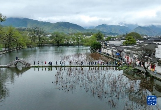 3月24日,游客在黟縣宏村南湖游覽(無人機照片)。
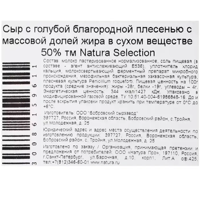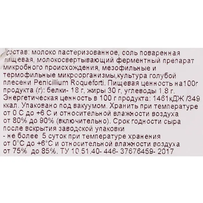 Молоко пастеризованное нормализованное, соль пищевая (в составе — агент антислеживающий Е536), уплотнитель хлорид кальция, молокосвертывающий ферментный препарат микробного + происхождения, мезофильная бактериальная заквасочная культура, плесневая культура Penicillium roqueforti.
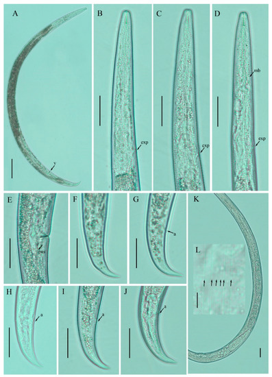 Photomicrographs of Nothotylenchus similis female. (A) Entire body; (B–D) pharyngeal regions; (E) vulval region; (F–J) tail regions; (K) posterior body to tail terminus; (L) lateral lines (arrowheads indicating the number of lines). Scale bars: (A) 50 µm; (B–K) 20 µm; (L) 5 µm. Arrowheads: (a) anus; (exp) excretory pore; (mb) median bulb; (pus) post-vulval uterine sac; (v) vulva.
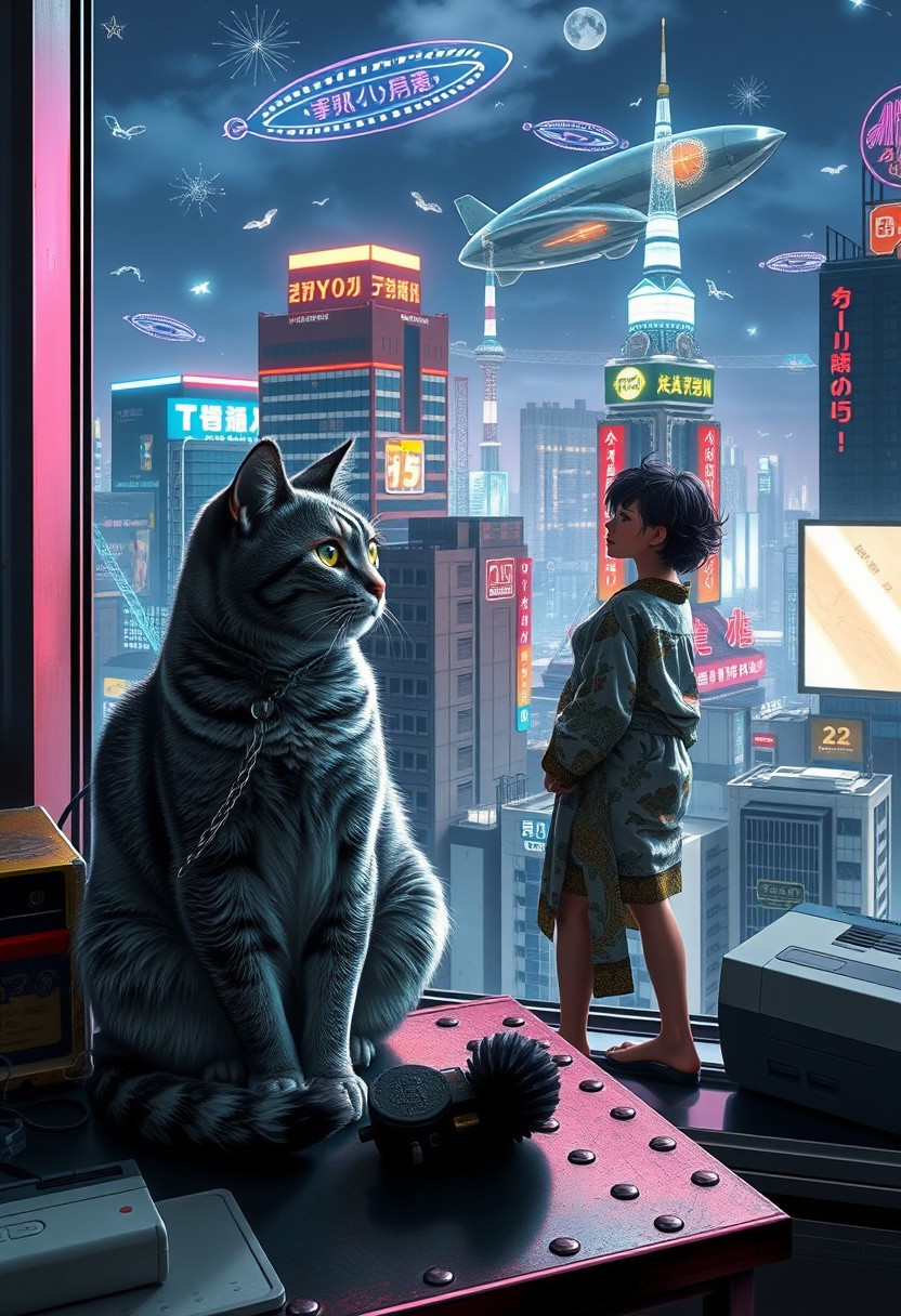 Grey tabby cat with green blue eyes sits on a cluttered metal riveted desk next to a maneki neko statue and a small Nintendo NES, the cat is looking out to a floor to ceiling window that looks out over a futuristic cyberpunk Tokyo skyline with skyscrapers, holographic advertisements, and futuristic airships covered with lights and advertisements in Japanese, a tall thin beautiful young woman, 22 years old, is standing next to the cat looking out at the city through the window, The woman is dressed in an ornate japanese style bath robe, exposing her lower legs. The woman's hair is messy from just waking up. Artistic cyberpunk, dynamic perspective, a hologram of a woman wearing lingerie is visible on a nearby building,
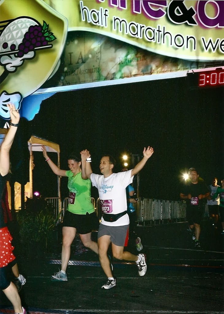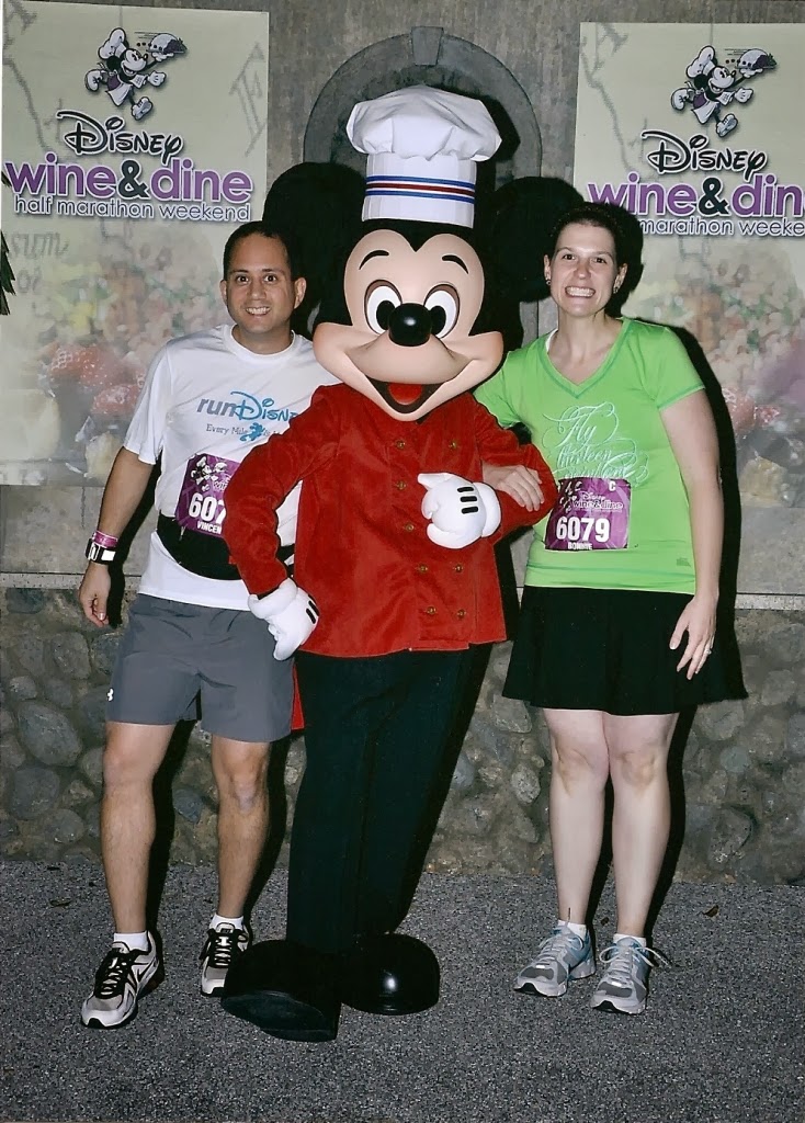 I know I am! I am running the 2013 Wine & Dine HalfMarathon with the Disbroads! I am so excited to have a girls’ weekend at Disney and to finally meet all my new friends in person. Patty invited me to write a guest post recapping my experience at last year’s Wine & Dine to get you all pumped for this year’s race. Last year was special to me because it was the first race I ran with my husband. It was his first half marathon and we had a great time running together.
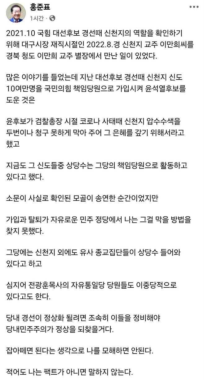 홍 전 시장은 "대구시장 재직시절인 2022년 8월경 신천지 교주 이만희씨를 경북 청도 이만희 교주 별장에서 만난 일이 있었다"며 운을 뗐다. 이어 "많은 이야기를 들었는데, 지난 대선후보 경선 때 신천지 신도 10여만명을 국민의힘 책임당원으로 가입시켜 윤석열 후보를 도운 것은 윤 후보가 검찰총장 시절 신천지 압수수색을 두 번이나 청구 못하게 막아 주어 그 은혜를 갚기 위해서"라고 했다고 적었다.

-- GOAL OF THE EXERCISE --
Retype the line containing "I know I am!" and all lines after it to the end of the material, exactly as written, leaving out any pictures.

-- ANSWER BOX --
 I know I am! I am running the 2013 Wine & Dine HalfMarathon with the Disbroads! I am so excited to have a girls’ weekend at Disney and to finally meet all my new friends in person. Patty invited me to write a guest post recapping my experience at last year’s Wine & Dine to get you all pumped for this year’s race. Last year was special to me because it was the first race I ran with my husband. It was his first half marathon and we had a great time running together.
 홍 전 시장은 "대구시장 재직시절인 2022년 8월경 신천지 교주 이만희씨를 경북 청도 이만희 교주 별장에서 만난 일이 있었다"며 운을 뗐다. 이어 "많은 이야기를 들었는데, 지난 대선후보 경선 때 신천지 신도 10여만명을 국민의힘 책임당원으로 가입시켜 윤석열 후보를 도운 것은 윤 후보가 검찰총장 시절 신천지 압수수색을 두 번이나 청구 못하게 막아 주어 그 은혜를 갚기 위해서"라고 했다고 적었다.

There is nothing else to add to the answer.